**What you have to do:** Each line below from the line with "總類測試標準特性彈性度耐刺穿價格乳膠LatexASTM D 3578˙" to the line with "de l'énergéticien. |" must be copied exactly, including those two, and no picture may appear in the copy.

Records excerpted from a collection
──────────────────────────────

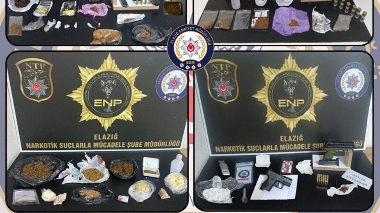 Elazığ Cumhuriyet Başsavcılığı koordinesinde İl Emniyet Müdürlüğü Narkotik Suçlarla Mücadele ve Asayiş Şube Müdürlüğü tarafından uyuşturucu ile mücadele çalışmaları sürüyor. Bu çerçevede son 20 gün içerisinde uyuşturucu madde kullanan ve uyuşturucu madde ticareti yapan şahıslara yönelik yapılan operasyonlarda; 39 parça halinde 1 kilo 570 gr sentetik kannabinoid maddesi, 7 parça halinde 57.40 gram metamfetamin maddesi, 8 parça halinde 41 gamr esrar maddesi, 2 bin 650 adet sentetik ecza maddesi, 3 adet ruhsatsız tabanca ve tabancalara ait 51 adet fişek, 1 adet ruhsatsız pompalı tüfek ve 6 adet kartuş ile 1 adet hassas terazi ele geçirildi.
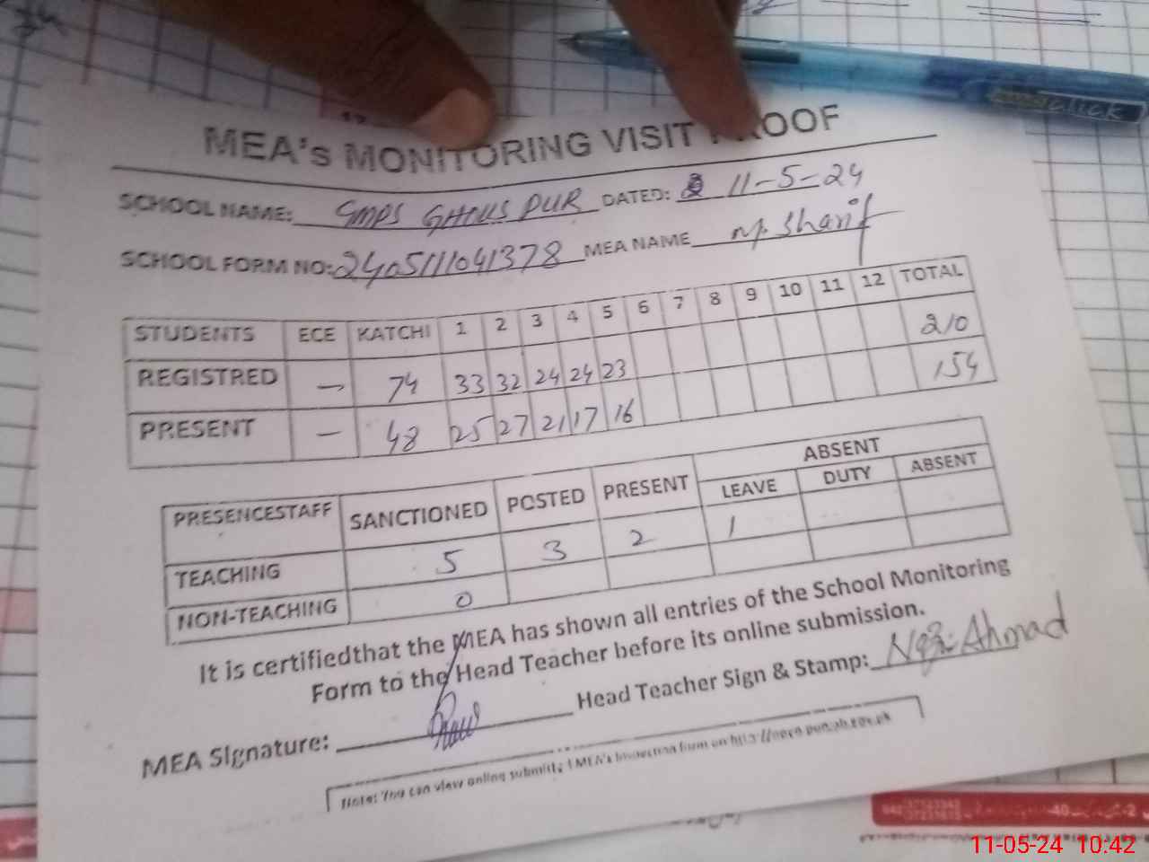 | Attendance Register | Head Teacher | MEA with School | Visit Proof |
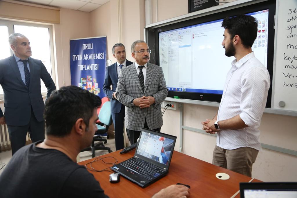 Ordu Büyükşehir Belediye Başkanı Dr. Mehmet Hilmi Güler, oyun akademisinde eğitimi yapılan dijital oyun sistemleri hakkında bilgiler aldı. Başkan Güler, burada kurs gören eğitimcilere yaptığı açıklamada, “Burada yükte hafif pahada ağır işlere ağırlık vererek sektör oluşturuyoruz. Ordu bir beyin takımı oluşturacak ve bu beyin takımı 1000 kişilik bir ekiple Türkiye’de başı çekecektir. Bizim tek gelirimiz fındık olmayacak beyin ürünleri, bilgisayar oyunları ile de dünyada da iyi bir oyuncu olacağız. Ordu bu anlamda iddialı bir ekip olacaktır. Sayılar artacak ve ağustos sonunda harikulade güzel bir ekip çıkacak diye düşünüyorum. Bu takım inşallah Ordu’nun geleceğini yazacak. Şimdiden hepinizi tebrik ediyorum. Ne gerekiyorsa onu sağlayacağız. Bundan sonraki etapta ilçelerdeki beyinleri seçip onlardan da bir takım oluşturacağız” dedi.
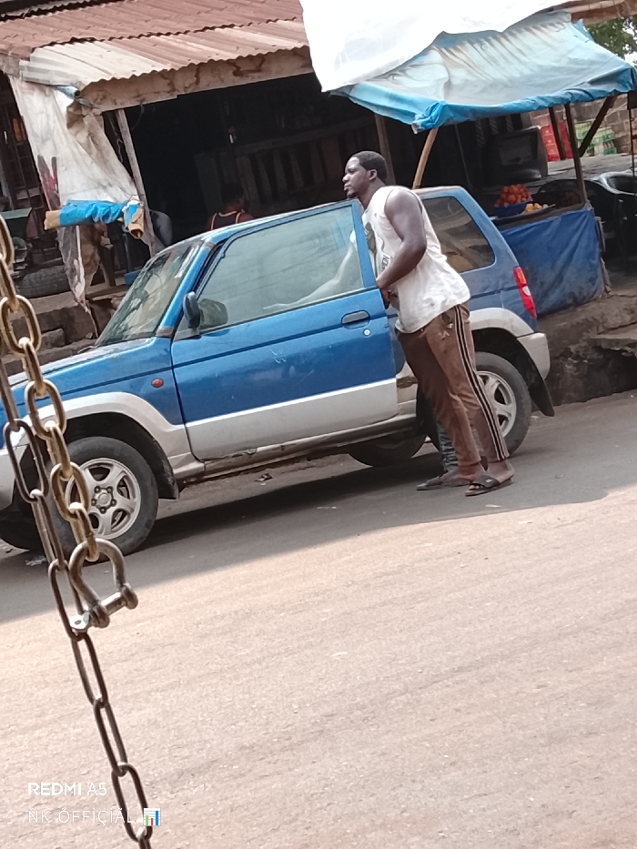 - "The image depicts a street scene in Onitsha, Nigeria, featuring a male individual and a vehicle positioned in front of a roadside stall" by FM-bgsL83, licensed under CC BY 4.0
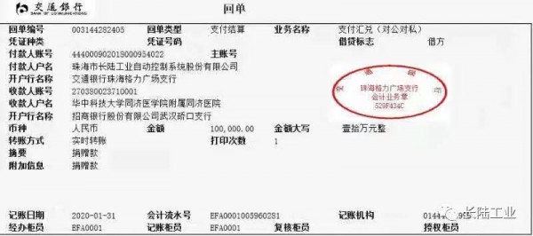 武漢疫情的發(fā)展也牽動著長陸人的心,今天,珠海市長陸工業(yè)自動控制系統(tǒng)股份有限公司(簡稱長陸工控)向武漢市華中科技大學同濟醫(yī)學院附屬同濟醫(yī)院捐贈人民幣10萬元,用于開展抗擊新型冠狀病毒感染的肺炎疫情之需,長陸公司希望以此為抗擊疫情盡一份綿薄之力。
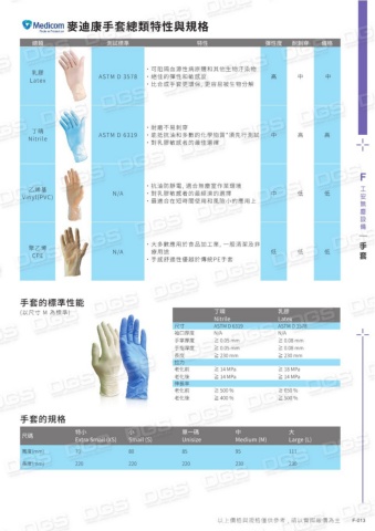 總類測試標準特性彈性度耐刺穿價格乳膠LatexASTM D 3578˙ 可阻隔血源性病原體和其他生物汙染物˙ 絕佳的彈性和敏感度˙ 比合成手套更環保, 更容易被生物分解高中 中丁晴NitrileASTM D 6319˙ 耐磨不易刺穿˙ 能抵抗油和多數的化學物質*須先行測試˙ 對乳膠敏感者的最佳選擇中高高乙烯基Vinyl(PVC)N/A˙ 抗油防靜電, 適合無塵室作業環境˙ 對乳膠敏感者的最經濟的選擇 ˙ 最適合在短時間使用和風險小的應用上 中低低聚乙烯CPEN/A˙ 大多數應用於食品加工業, 一般清潔及非 療用途˙ 手感舒適性優越於傳統PE手套 低低低麥迪康手套總類特性與規格丁晴Nitrile乳膠Latex尺寸ASTM D 6319ASTM D 3578袖口厚度手掌厚度手指厚度長度N/A≧ 0.05 mm≧ 0.05 mm≧ 230 mmN/A≧ 0.08 mm≧ 0.08 mm≧ 230 mm拉力老化前老化後≧ 14 MPa≧ 14 MPa≧ 18 MPa≧ 14 MPa伸長率老化前老化後≧ 500 %≧ 400 %≧ 650 %≧ 500 %手套的規格尺碼特小Extra Smail (XS)小Smail (S)單一碼Unisize中Medium (M)大Large (L)寬度(mm)70808595111長度(mm)220220220230230手套的標準性能(以尺寸 M 為標準)F-013F工安無塵設備以上價格與規格僅供參考 , 請以實際報價為主手套
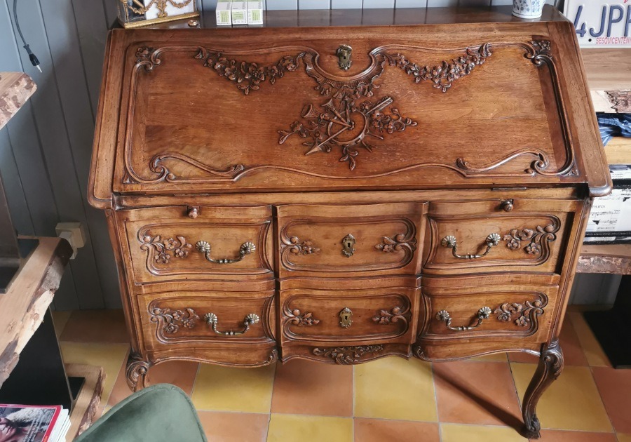 Nouveau style pour ce scriban ou secrétaire à dos d’âne.
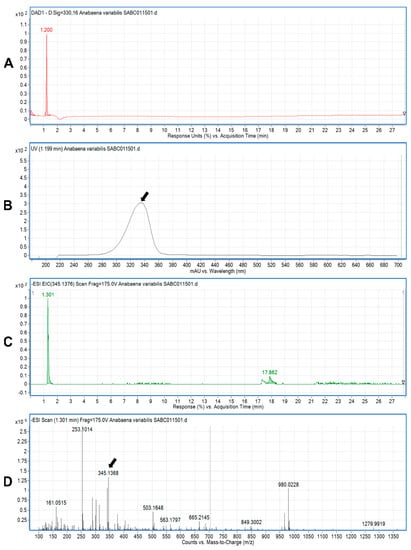 LC-MS analysis showing identification of Porphyra-334 in Anabaena variabilis SABC011501. (A) DAD profile at 330 nm; (B) UV spectra of the DAD profile peak at 1.2 min; (C) extracted ions chromatogram of accurate mass for Porphyra-334 in negative mode (345.1376) showing specific peak; and (D) ESI scan showing the mass spectra including m/z 345.1368 for porphyra-334.
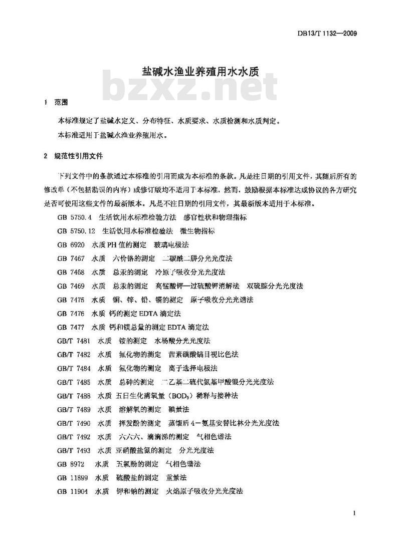 本标准规定了盐碱水定义、分布特征、水质要求、水质检测和水质判定。本标准适用丁盐碱水渔业养殖用水。2规范性引用文件
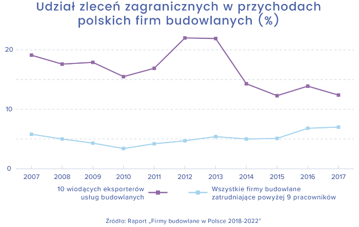 Co istotne, w minionych latach miała miejsce wyraźna zmiana, jeżeli chodzi o strukturę podmiotów realizujących zlecenia zagraniczne – środek ciężkości przesunął się z największych grup budowlanych na mniejsze i bardziej wyspecjalizowane podmioty.
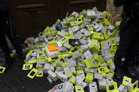 | Des compteurs Linky déversés le 19 janvier 2021 devant le siège de La République en marche à Paris, par des agents d'EDF protestant contre le projet "Hercule" de scission de l'énergéticien. |
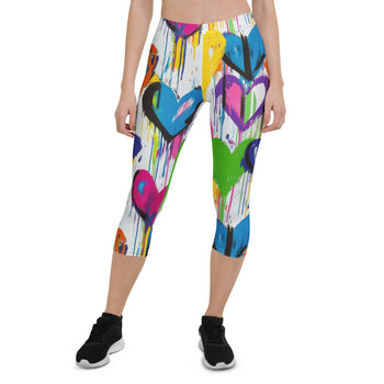 Ausverkauft - Graffiti Hearts v2 Damen Capri Leggings

──────────────────────────────

**Answer for the task:**
 總類測試標準特性彈性度耐刺穿價格乳膠LatexASTM D 3578˙ 可阻隔血源性病原體和其他生物汙染物˙ 絕佳的彈性和敏感度˙ 比合成手套更環保, 更容易被生物分解高中 中丁晴NitrileASTM D 6319˙ 耐磨不易刺穿˙ 能抵抗油和多數的化學物質*須先行測試˙ 對乳膠敏感者的最佳選擇中高高乙烯基Vinyl(PVC)N/A˙ 抗油防靜電, 適合無塵室作業環境˙ 對乳膠敏感者的最經濟的選擇 ˙ 最適合在短時間使用和風險小的應用上 中低低聚乙烯CPEN/A˙ 大多數應用於食品加工業, 一般清潔及非 療用途˙ 手感舒適性優越於傳統PE手套 低低低麥迪康手套總類特性與規格丁晴Nitrile乳膠Latex尺寸ASTM D 6319ASTM D 3578袖口厚度手掌厚度手指厚度長度N/A≧ 0.05 mm≧ 0.05 mm≧ 230 mmN/A≧ 0.08 mm≧ 0.08 mm≧ 230 mm拉力老化前老化後≧ 14 MPa≧ 14 MPa≧ 18 MPa≧ 14 MPa伸長率老化前老化後≧ 500 %≧ 400 %≧ 650 %≧ 500 %手套的規格尺碼特小Extra Smail (XS)小Smail (S)單一碼Unisize中Medium (M)大Large (L)寬度(mm)70808595111長度(mm)220220220230230手套的標準性能(以尺寸 M 為標準)F-013F工安無塵設備以上價格與規格僅供參考 , 請以實際報價為主手套
 Nouveau style pour ce scriban ou secrétaire à dos d’âne.
 LC-MS analysis showing identification of Porphyra-334 in Anabaena variabilis SABC011501. (A) DAD profile at 330 nm; (B) UV spectra of the DAD profile peak at 1.2 min; (C) extracted ions chromatogram of accurate mass for Porphyra-334 in negative mode (345.1376) showing specific peak; and (D) ESI scan showing the mass spectra including m/z 345.1368 for porphyra-334.
 本标准规定了盐碱水定义、分布特征、水质要求、水质检测和水质判定。本标准适用丁盐碱水渔业养殖用水。2规范性引用文件
 Co istotne, w minionych latach miała miejsce wyraźna zmiana, jeżeli chodzi o strukturę podmiotów realizujących zlecenia zagraniczne – środek ciężkości przesunął się z największych grup budowlanych na mniejsze i bardziej wyspecjalizowane podmioty.
 | Des compteurs Linky déversés le 19 janvier 2021 devant le siège de La République en marche à Paris, par des agents d'EDF protestant contre le projet "Hercule" de scission de l'énergéticien. |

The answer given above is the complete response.